An excerpt by Elaine Cha
This is a photo from my sixth birthday.
It was 1982. My parents ran a corner store called Norma’s Variety in Dundas, Ontario and our multi-generational family lived in the flat upstairs. (No, there wasn’t a Norma in our lineage. Yes, Kim’s Convenience is “real.”) The friends around me were neighbourhood playmates and schoolmates younger/peer/older. And a few of them were there the very first time I got “chink”-ed… and fought back.
At this point, this text could go so many places. The storyteller in me urges vivid detail (“F bombs! Shin kicks!”); the conventional journo, just the facts. Yet in this historical, cultural moment, I feel less inclined to explain what happened re: that ugly (and inaccurate) slur and more compelled to ask,
“Reader ~~ Where does the story go for you? What are you thinking, imagining, maybe remembering or recognizing? What does that reveal about who or what you know? And how might your responses point to things bigger than individual choices, independent actions, or isolated experiences?”
I was invited to write about how I self-identify. After several scrapped drafts, however, I found myself at Questions > Statement because identification – even when I do so for/about myself – depends on where I am. Whom I’m with. What’s necessitated descriptors I deploy or avoid. And as my half-told kindergarten tale shows, there are times who I say I am doesn’t matter when people and institutions decide that mistaking me suits them just fine.
Clearly self-identification’s too much to cover in a few expository paragraphs.
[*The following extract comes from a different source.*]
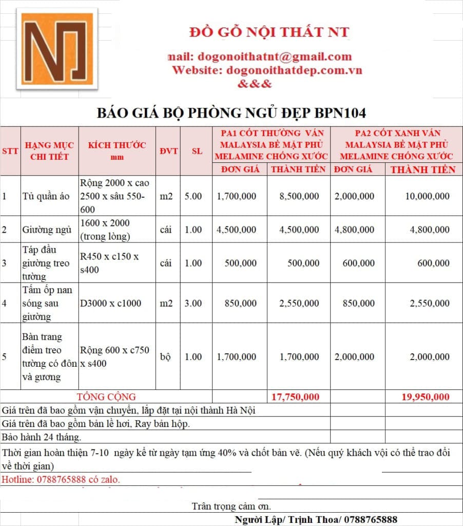 Báo giá bộ nội thất BPN104
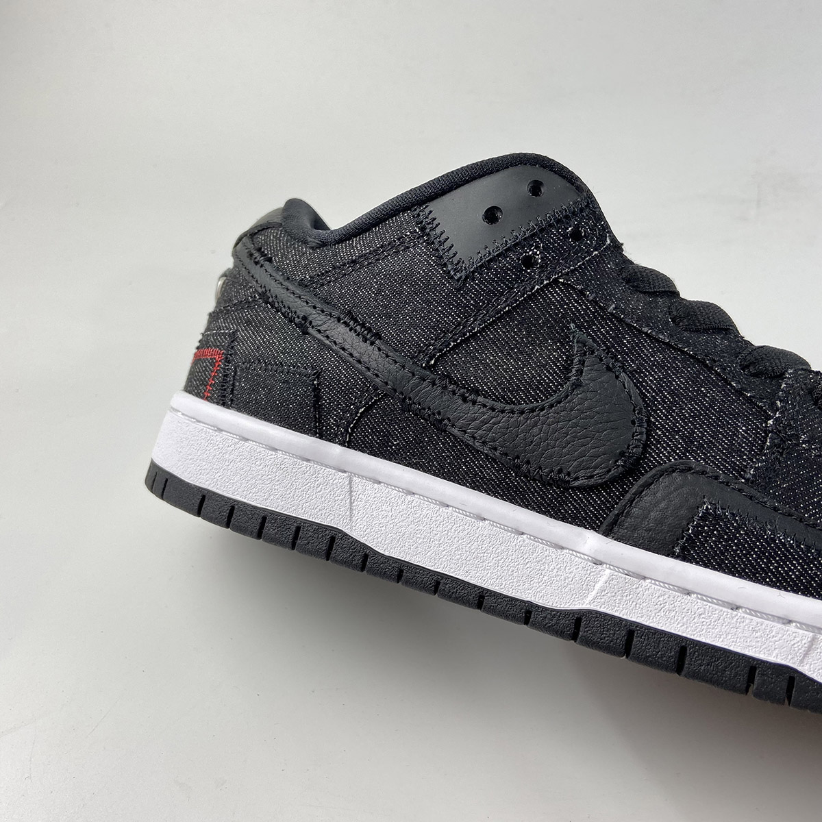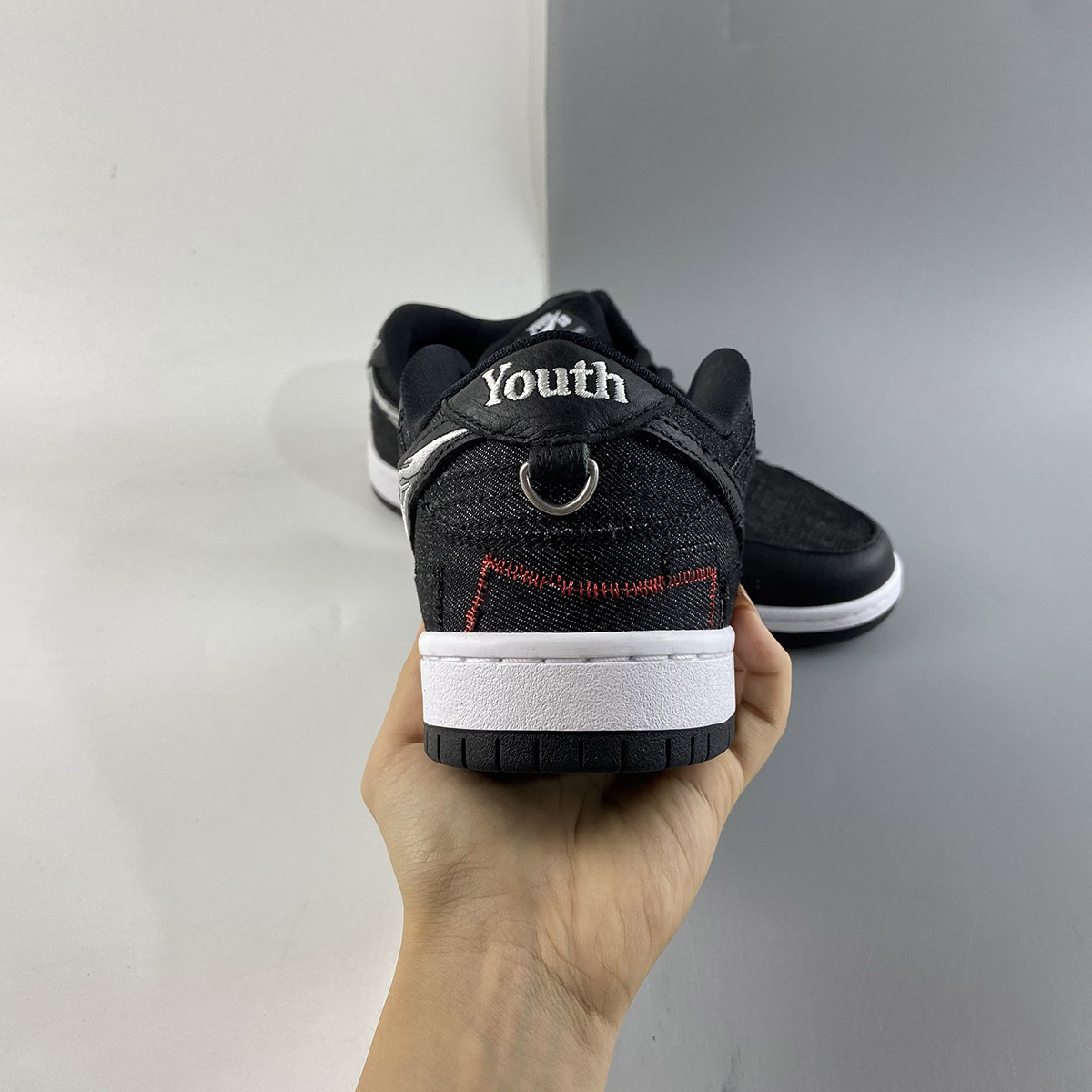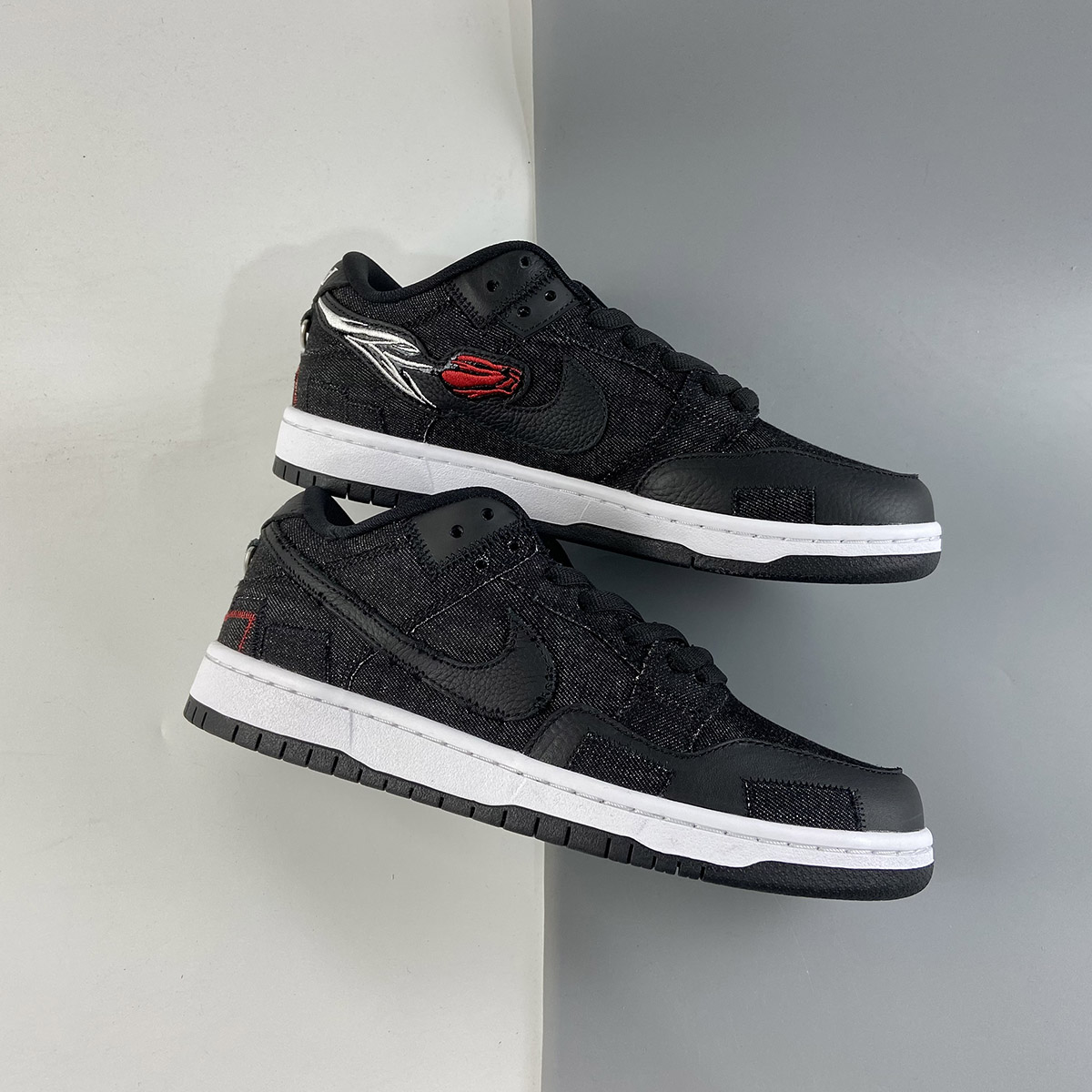 This Wasted Youth offering of the Nike SB Dunk Low comes with a patchwork design featuring a Black denim-like upper with leather overlays and square patches on the forefoot. Additional details includes a removable Swoosh on the lateral that exposes an outline of the logo in White, exposed Red stitching, a rose embroidered graphic on the medial, “Wasted” and “Youth” branded heels with metallic rings hanging below the heel tab. A White midsole atop a Black rubber outsole and text branded insoles completes the design.

But it isn’t too much to explore in a space of caring, respecting relationship. That can be a place where inquirings are openings, not demands or pressures, and responses aren’t answers so much as reflections that can change over time.
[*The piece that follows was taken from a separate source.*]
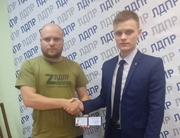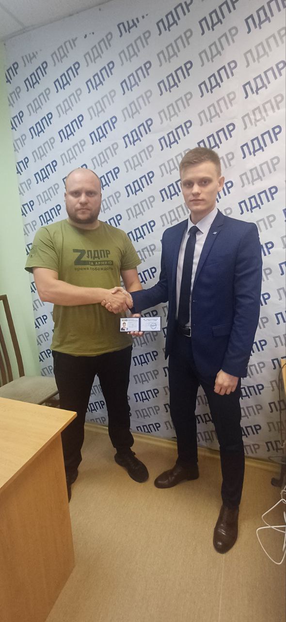 Сегодня в Ханты-Мансийске в рамках юбилейного приёма в ЛДПР координатор партии Александр Почуев вручил партийный билет новому члену партии — Дмитрию Моисееву
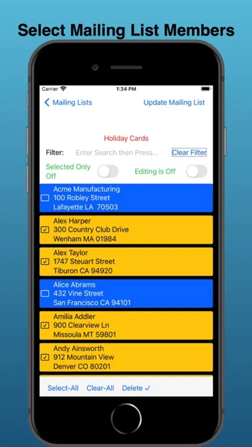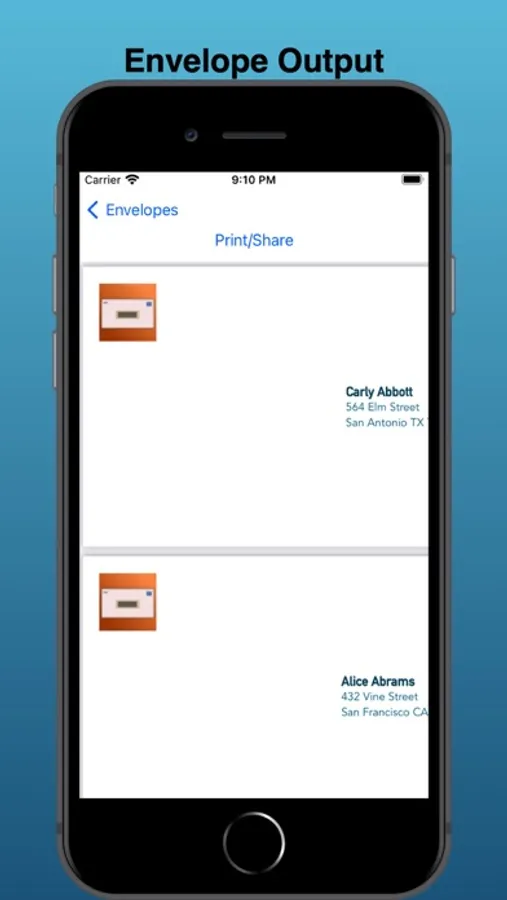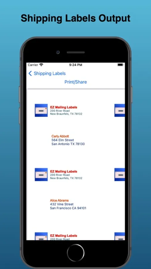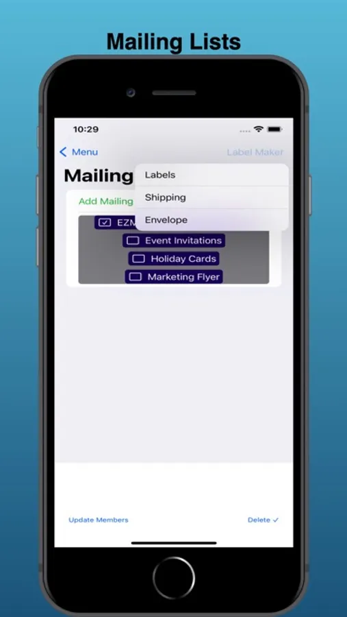 Create mailing labels, shipping labels or envelopes by downloading your contacts, uploading a comma separated values (CSV) file from a spreadsheet or manually typing them. Organize groups of addresses in Mailing Lists. In the future you can go directly from the mailing list to the label maker. Select the label or envelope size (U.S. and European sizes and address formats are supported) and make the PDF document. This document can be printed to adhesive labels or envelopes. An image or logo can be included in the return address of shipping labels and envelopes.

I started this post with an anecdote about being a kid in Canada – and now, an adult in Midwest USA whose Korean American son’s the same age I was in ‘82 – with an East Asian face. I could’ve left it at “I got ‘chink’-ed,” but I chose “fought back” because the grown-ups and friends in my corner asserted my power to raise my voice (and, in a couple different ways, my foot).
So if you’re reading this post and/or absorbing the May 2021 “Healing & Humility” RRR webinar to support an Asian Little, Parent/Guardian, Big, agency colleague or partner in your life, I offer these few encouragements:
As you listen to understand (not fix), remember there’s no single story to being Asian or Asian American: that includes everything from responses to rising reports of anti-Asian violence and positions on hate crime legislation to critiques of Asian representation on-screen and “authentic” Asian food.
Make room for what Asian folks are ready to discuss with you, not just what you don’t get or what’s blazing across social media or news coverage.
Take time, on your own and in relationship/community, to explore Asian American and Pacific Islander experiences and perspectives. Take advantage of all the content out there in May, but resist turning attention off when 6/1 comes. The end of AAPI Heritage Month will inevitably put media focus elsewhere; I hope your attentiveness to what your Asian friends care about holds way beyond this May and all Mays to come.
You ready to do this? Let’s grow, and fight, together.